The project developed a method with high extraction capacity for gold recovery, using the newest environmentally-friendly extraction reagents. In VTT experiments, it was possible to recover more than 90 per cent of the metal solution dissolved from a circuit board with the help of functional ionic liquid. The method facilitates extraction of desired components from impurities.
The new pre-treatment methods developed by VTT allow separation of most plastics and ceramics from waste. In VTT experiments, cell phones were crushed and the particles sieved and separated magnetically and by eddy current into circuit board fraction. Treating once more by crushing, sieving and flotation, resulted in a fraction with high concentration of valuable metals for solution extraction experiments. Flotation raised the copper content of circuit board fraction from 25 per cent to 45 per cent, while gold content increased by a factor of 1.5.

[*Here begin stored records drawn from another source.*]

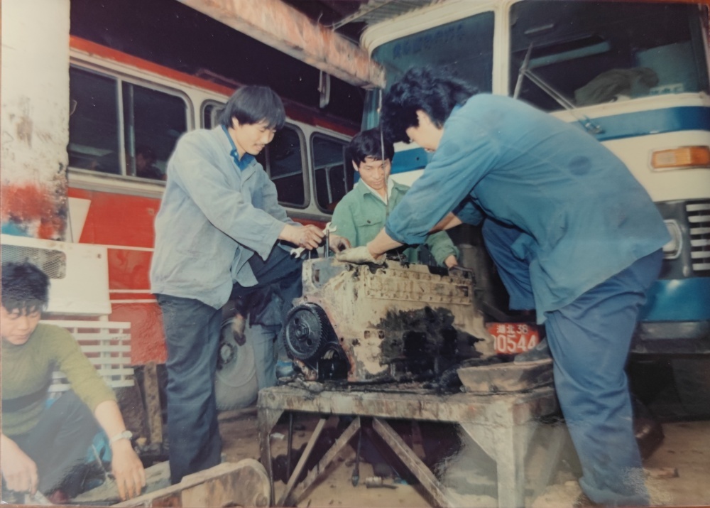 ▲80年代,車間修理工檢修模樣。3個(gè)機(jī)修工一同修理著車輛發(fā)動(dòng)機(jī),臉上沒有吃力感,更像是帶著興趣在專研。
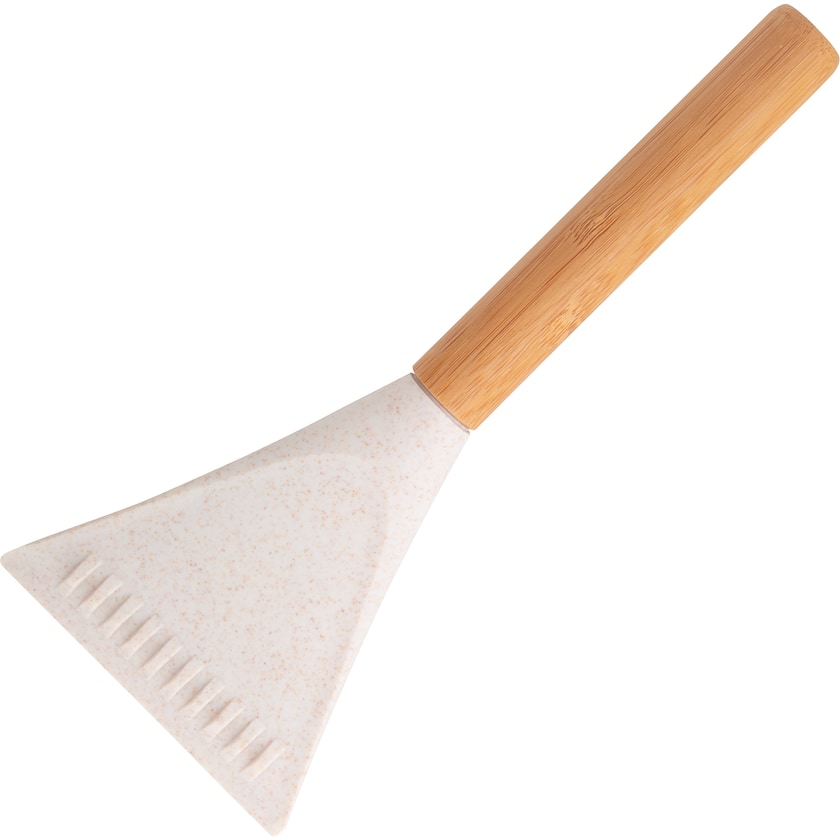 Raschiaghiaccio ecologico con manico grande. Il manico è realizzato in bambù, mentre il raschiaghiaccio in sé è composto di un mix di paglia di fieno, un materiale biologico, e di polistirene.
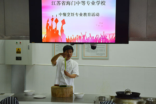 周晟老师以“上得厅堂,下得厨房,做复合型的烹饪技能人才”为题切入,为新生们介绍了烹饪营养系的办学历史、实训场地、参加技能大赛的情况、实习单位、优秀毕业生及升学的相关情况,采用现场教学方式为同学们进行了展示。
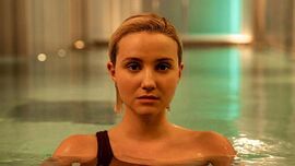 与此同时,女主在朋友介绍下加入了一家女性陪伴俱乐部,开始了以Cassie之名从一个全新的角度探索自己性魅力的生活。中间有几段女主与客户往来的记录,其实都不是闲笔。与大人物的来往,看似充满对人的尊重体现出来的教养,以及两人在世外桃源般林中屋与世隔绝度假,返祖般重回人与人的亲密关系,但欲抑先扬,这种让女主真假莫辨的亲密关系却戛然而止与大人物不和其同样服务性质的女性往来超过五次的规矩中(政治与美的关系是政治因为虚伪和拒绝了美);与棒球运动员的来往,表现了女主在两性关系中操纵对方的能力,把一个讨厌自己的人从行为到教养都提升了不止一个维度,更别提对女主的迷恋了,但运动员因为过于迷恋女主想独占她,结果弄巧成拙反而失去女主(流行文化的浅薄与无良不配得到美);此外,报社老板与其交往那一段,最令人印象深刻是女主穿着苹果绿的塑胶皮衣模仿裁纸间机器人跳舞的那一刻,体现了当代媒体对美和亲密的塑造走向了异端,把人和人的往来引导像人与机器的往来。(传媒与美的关系是传媒因为妄读美的概念而不知美)。
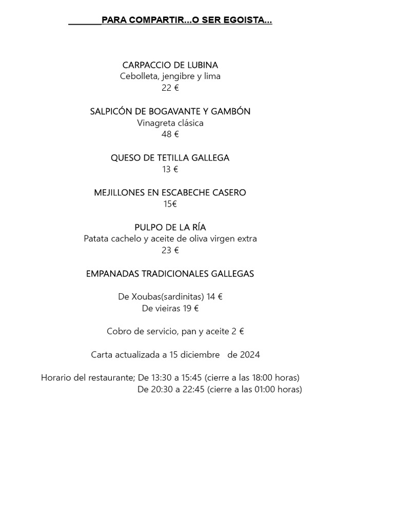 Carta actualizada a 15 diciembre de 2024
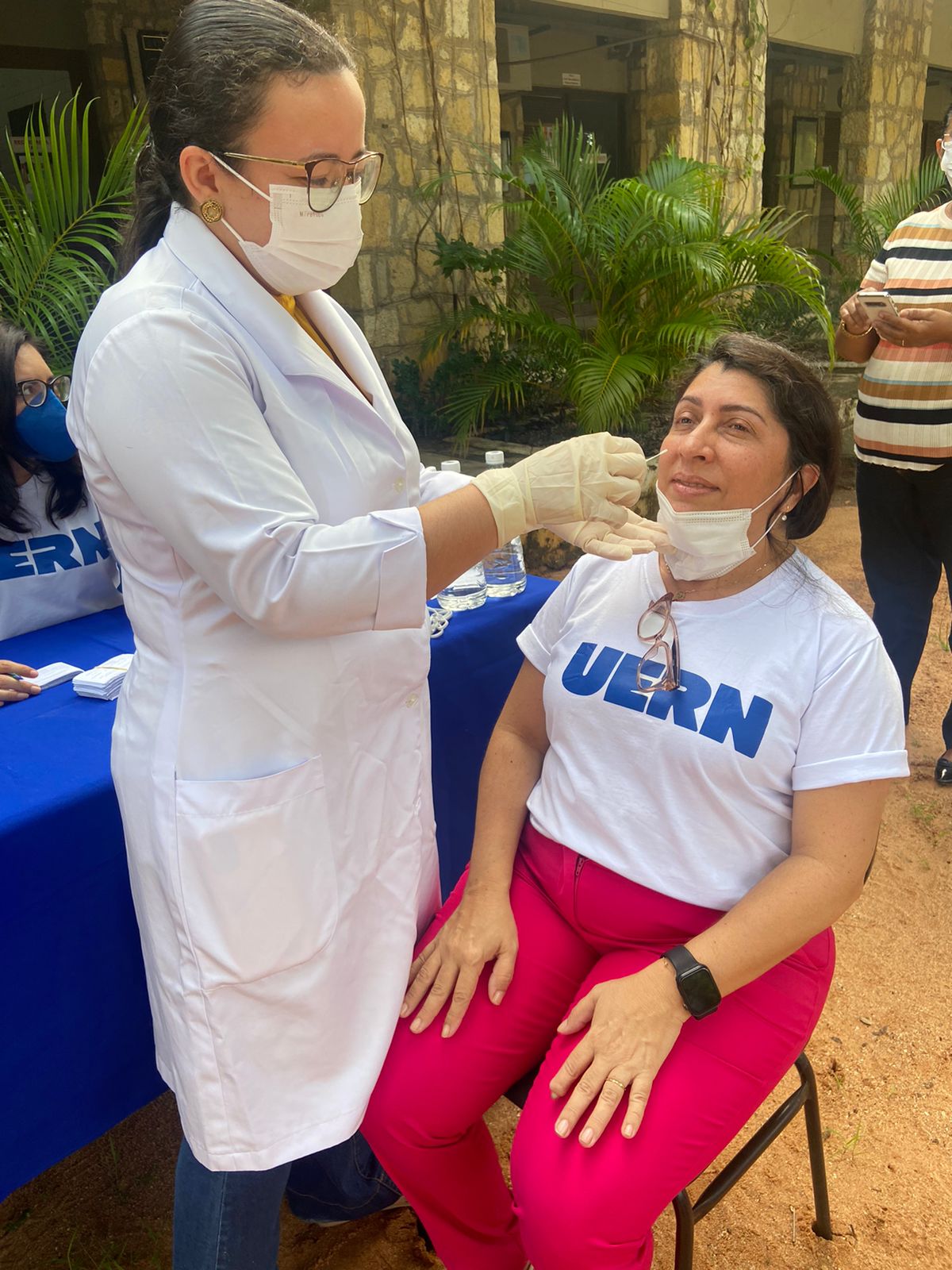 Caso o discente apresente ou entre em contato com alguém com sintomas, é possível solicitar agendamento do teste de covid-19, que pode ser realizado nos campus de Mossoró, Assú, Natal, Caicó, Patu e Pau dos Ferros. Em Mossoró a testagem ocorre na Faculdade de Ciências da Saúde (FACS/UERN).
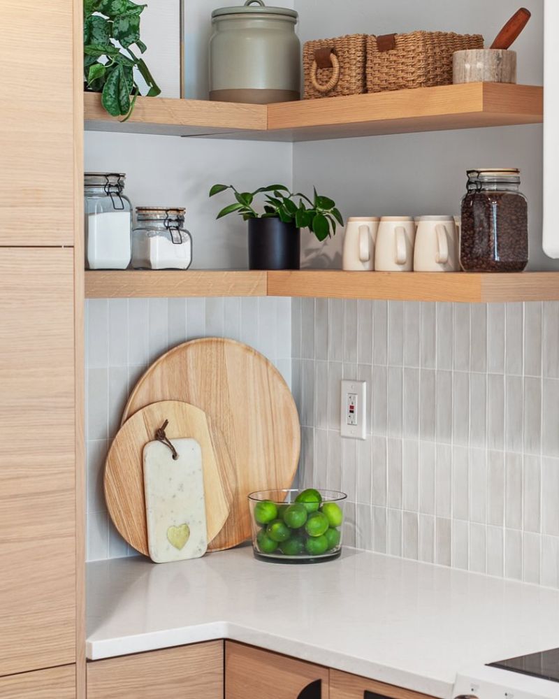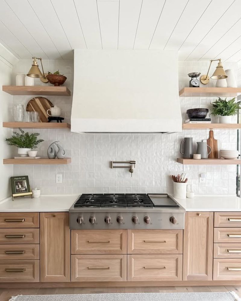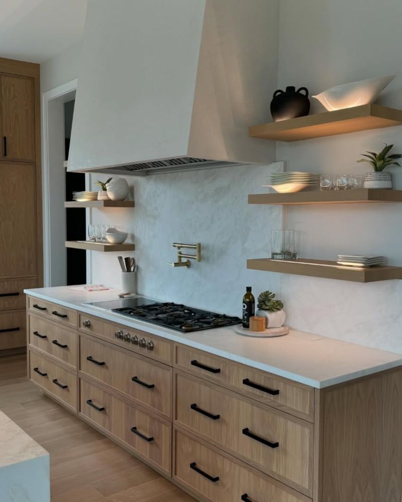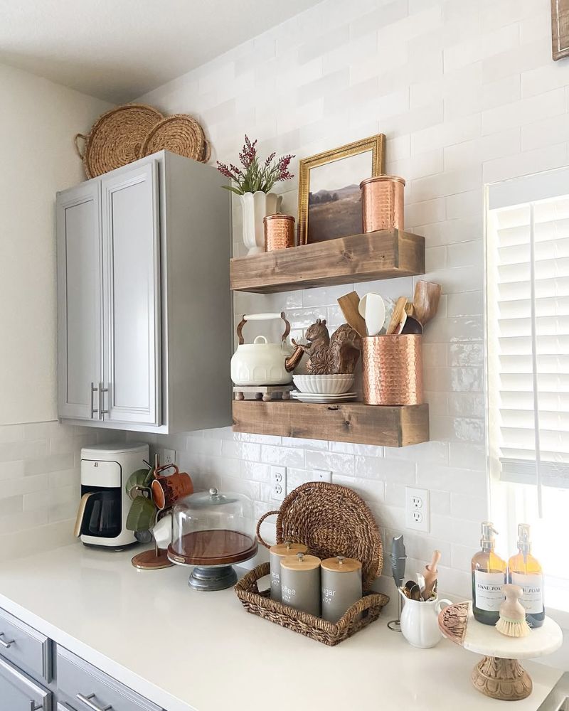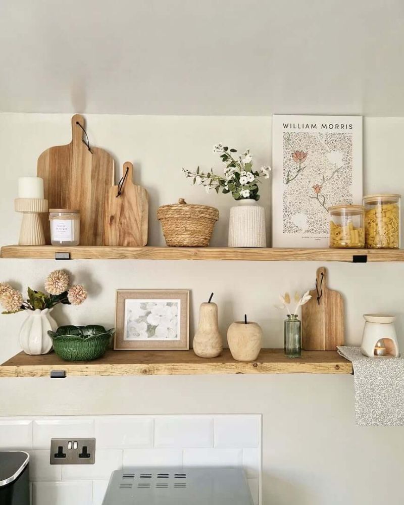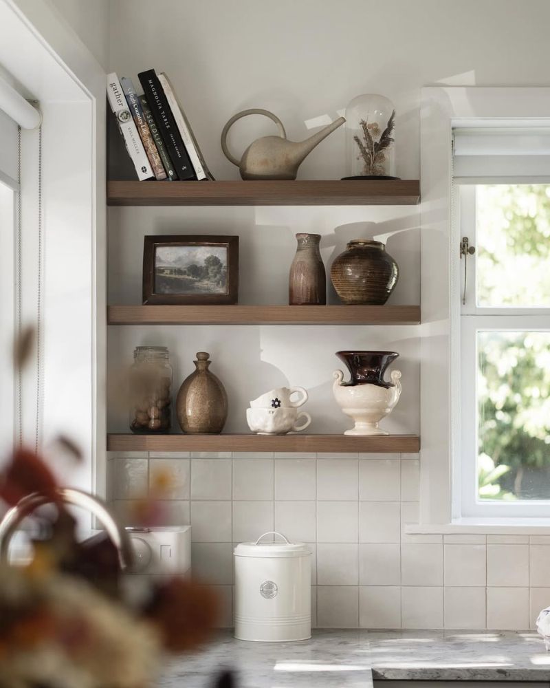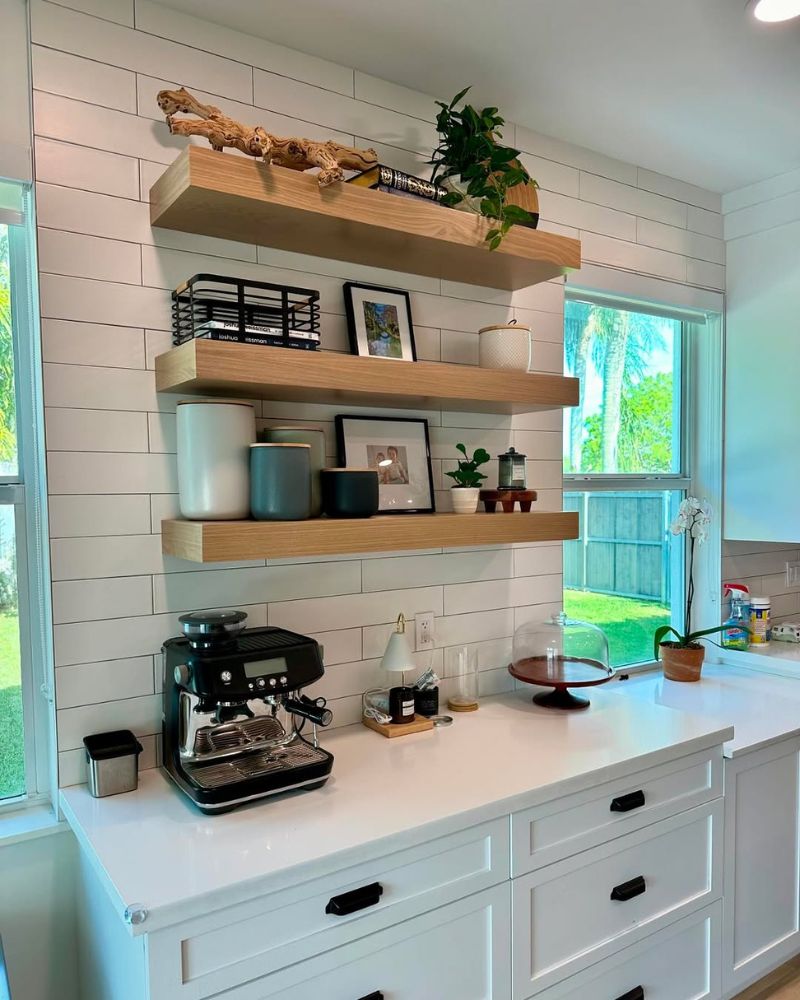 Floating shelves are basically the “cool older sibling” of kitchen storage. They’re airy, they look expensive even when they aren’t, and they force you to actually organize your stuff because, well, everyone can see it.
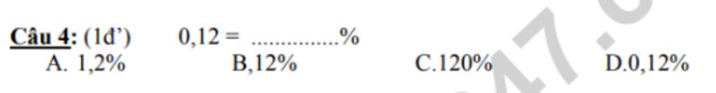 `->` `0,12=12/100=12%` (đọc: mười hai phần trăm)
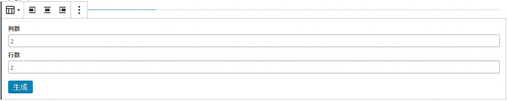 列数と行数を適当に入れます。数はあとで修正できますので,正確に入力する必要はありません。生成ボタンを押すと,テーブルが表示されます。
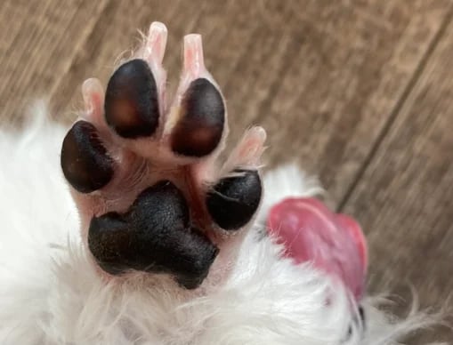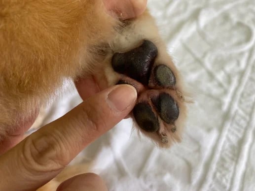 その後、犬の前足と後ろ足の裏にある、一番大きな肉球の手前のくぼみを、人の親指(小型犬は人差し指や綿棒でもOK)で3秒かけてゆっくり押し、3秒保ってから、3秒かけて力を抜きます。これを5回ほど行いましょう。
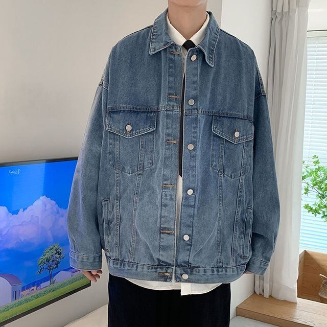 【予約販売】デニムジャケット Gジャン メンズ 刺繍 バックデザイン アウター オーバーサイズ ジージャン ブルー こなれ感 お洒落 韓国 トレンド 春 秋 冬 M/L/XL/2XL

“Value from Waste” project
The growth of cleantech industry, the rise in the world market prices of metals, and concentration of metal production in China have resulted in a situation in which extraction of several metals from waste streams has become advisable even in Finland. Ever stricter recycling and utilisation rates for electronic waste are also pushing the development of recycling technologies. The purpose of the EU project “Value from Waste” was to develop recovery processes on a more sustainable basis, to clean materials of impurities that reduce opportunities for further use, and to increase the amount of recovered materials.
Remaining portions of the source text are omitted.